Farinelli: response to text and video

It is clear from the movie what sort of life Carlo Maria Broschi lived. He was a star with a horde fanatical followers that could only be rivaled by those of Franz Liszt (or maybe Justin Bieber, unfortunately). Perhaps we should bring back the castrato fad just this once for dear Mr. Bieber. I digress. The information in the film, though plumped up and twisted a bit for the theater, is pretty accurate. Opera was still, in the 1700s, a source of entertainment for all classes. The lower class people had the floor seats and the nobles had their own private boxes high above like Gods. Unfortunately, opera is thought of today as an exclusively bourgeois art form. This is not so much a choice of the lower class as a result of unreasonable ticket costs and greater separation of the audience and the performer.

But what concerns me as much as the fate of classical music is the daily life of a castrato. Upon reading the text concerning Farinelli's quite feminine ailments, I wondered about other possible changes to the man. Was he homosexual, asexual, bisexual, heterosexual? Did he experience mood swings or any other symptoms associated with hormonal imbalances? Having such a bizarre ritual performed upon one's body must have plenty of repercussions. Aside from the unusual lengthening of the limbs found in all castrati, what else could happen to these men? I think I will follow up on this assignment with a study of the lives of castrati.

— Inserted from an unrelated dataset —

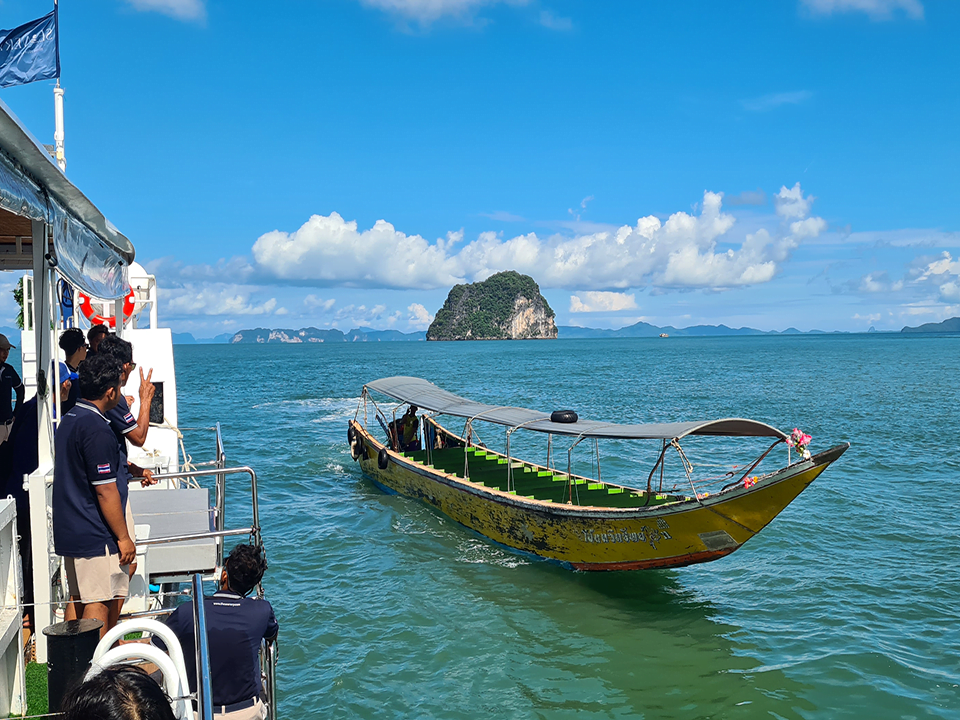 ไกด์พาทุกท่านขึ้นเรือ พร้อมเสริฟ Welcome drink ให้กับทุกท่าน และออกเดินทางจากท่าเรือ มุ่งหน้าสู่ อ่าวพังงา ในระหว่างทางนั้น สามารถเดินเล่นบนเรือ ชมทัศนีย์ภาพที่สวยงามของธรรมชาติ หรือถ่ายรูปตามมุมสวยๆบนเรือได้ตามอัธยาศัย

For all the tech fans, I found a brief article on a medieval music website about how Farinelli's voice was reproduced for the movie. (Incredibly cool!)

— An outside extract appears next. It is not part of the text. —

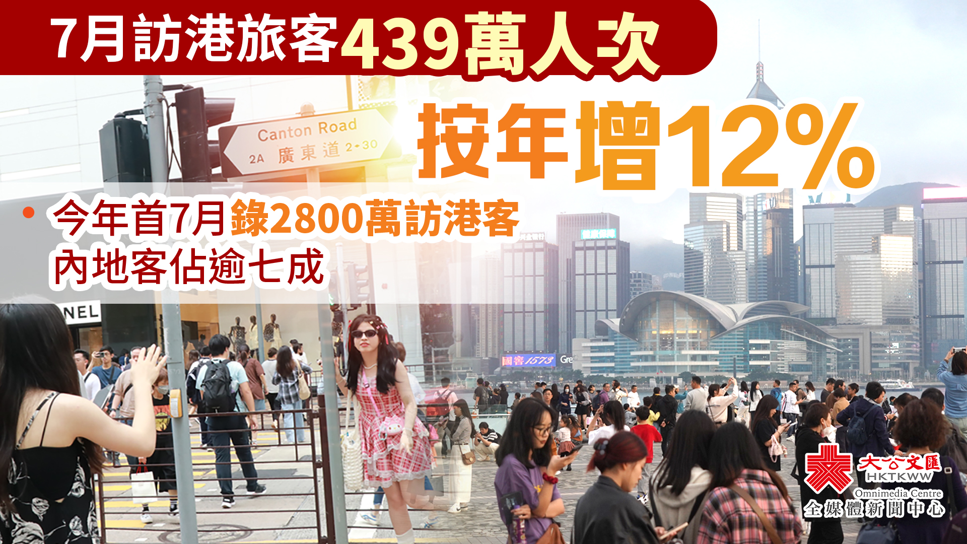 旅發局表示,7月來自短途客源市場的旅客人次按年上升12%,以日本、台灣地區表現較佳;長途市場旅客人次按年上升超過兩成,增幅主要來自英國、美國、澳洲、法國及德國。

Farinelli, or a comment on recreating the voice of a castrato by fusion of timbres

There will be more on Farinelli and other castrati at a later date. Good evening everyone.
(Some information about castrati mentioned was found here: Around Naples Encyclopedia)

Class overview.

Yesterday in class we discussed the cultural drought of the Middle Ages, followed by the incredible upturn in the Renaissance. The Arab architecture, the lavishness of the style and the creativity of the artists inspired Europeans to think. They thought in ways that were contrary to the norm, they thought about designing architecture not just for efficiency but for aesthetic beauty. Artwork and music became steadily more complicated and interesting until its peak in the Baroque era. In this time period the artwork was visually golden and heavily embellished. Gods, mythological creatures and ancient heroes were depicted more gloriously than ever before, in bright colors with dramatic lighting. The music was audibly ornamented, and often improvised by the performer to add even more complex melodic lines. The pinnacle of Baroque extravagance was opera, brought to life by Monteverdi. The first official opera was "Dafne" composed by Jacopo Peri, but it paled in comparison to Monteverdi's "Orfeo". Here is a link to an aria from "Orfeo", based on the Greek tragedy of Orpheus and Euridice:

L'Orfeo

In my opinion, the ultimate pioneer of Baroque art was Caravaggio. This may be because I wrote a research paper on Caravaggio for Italian class, but my bias is beneficial. Caravaggio played with light in a radical way, a way that refined the Chiaroscuro method (light and dark). It was a high contrast style of painting that was popular at the time. Also, see the incredible early baroque painter, Artemisia Gentileschi. Her life is fascinating and her artwork is gorgeous.

Note: If you don't like violence or gore, avoid these artists.